Prolly doesn’t make much difference from your point of view.

Now I have a list of 12 more things to fix, repair, repaint, relayer, re-detail. My patient customer said she’d like it in April, but didn’t specify a date.

Because I Felt Like Drawing

In 1990, I drew the Exeter Woman’s Club. (Yes, that is the correct name—I just work here.) It was part of a set of notecards called Tulare County Landmarks. No one can find the original drawing. All I have is this scan of a notecard with a hole punched in the corner.

The club asked to use the drawing, and had an old scan or some other format, not really up to my standards. But I didn’t mind and gave my permission. (It is rare that people know the copyright law which is that the artist holds the copyright, so I was impressed and thankful that they asked.)

They are celebrating a big anniversary (100 years?) and plan to publish a cookbook. The president of the club and I are longtime friends, and we began discussing the cover of the cookbook. I couldn’t stand the idea of a shoddy reproduction of my old drawing (not that it was great 35 years ago), so my friend went spelunking, unsuccessfully, in all sorts of places trying to locate the drawing.
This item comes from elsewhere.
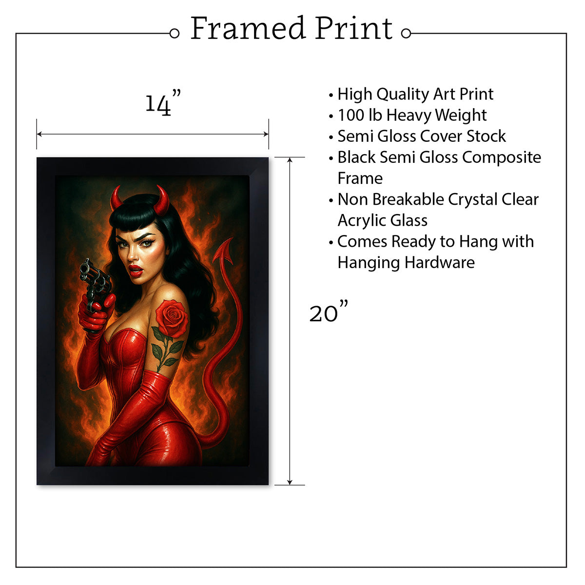 - Frame is 1.25 inch Black Matte Composite Frame with Crystal Clear Plexiglass and Comes Ready to Hang with Hanging Hardware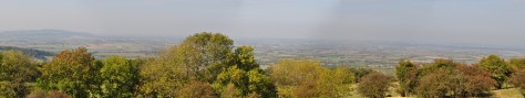 This is the view from Broadway Hill, looking north over the Vale of Evesham, with Bredon Hill on the left.

Because I hit a slow time (feast or famine in the art business), I asked her to send me a photograph so that I could draw it again. She complied, and I dove in immediately on a rainy day.

Before finishing, I scanned it without a background, since that is how I drew it 30 years ago.

Then I drew in a dramatic background and scanned it again.

My friend asked me to make a couple of adjustments, which were easy to do. Here it is in its final form. After growing the new shrubs into a hedge with my pencils, I photoshopped the palm trees because of a strange request to shorten them by 1/4”. (As I said earlier, I just work here.)

I love to draw (But don’t ask me for a freebie, okay?)

P.S. My friend did NOT ask for a freebie—I offered. She did ask for some modifications, and I happily complied.

The Emerging Drawing Continues

While I was waiting to hear if JM approved the house, I began one of the dogs. Just like on the itty-bitty-face drawing, I am leaving a gap between the different subjects to fill in later.

(This picture is overexposed on the left side of the house because my giant magnifying light is washing it out.)

No emailed instructions arrived, but I had time to keep working on the drawing, so I kept going.

Finally, this was as far as I felt comfortable going without further input from JM.

The dogs’ names were Timber and Tahoe, they were part wolf, and that’s all I know about them.

What a treat to be able to draw this, to pay off my old debt, to reconnect with my old friend, and to just use pencils, my favorite medium.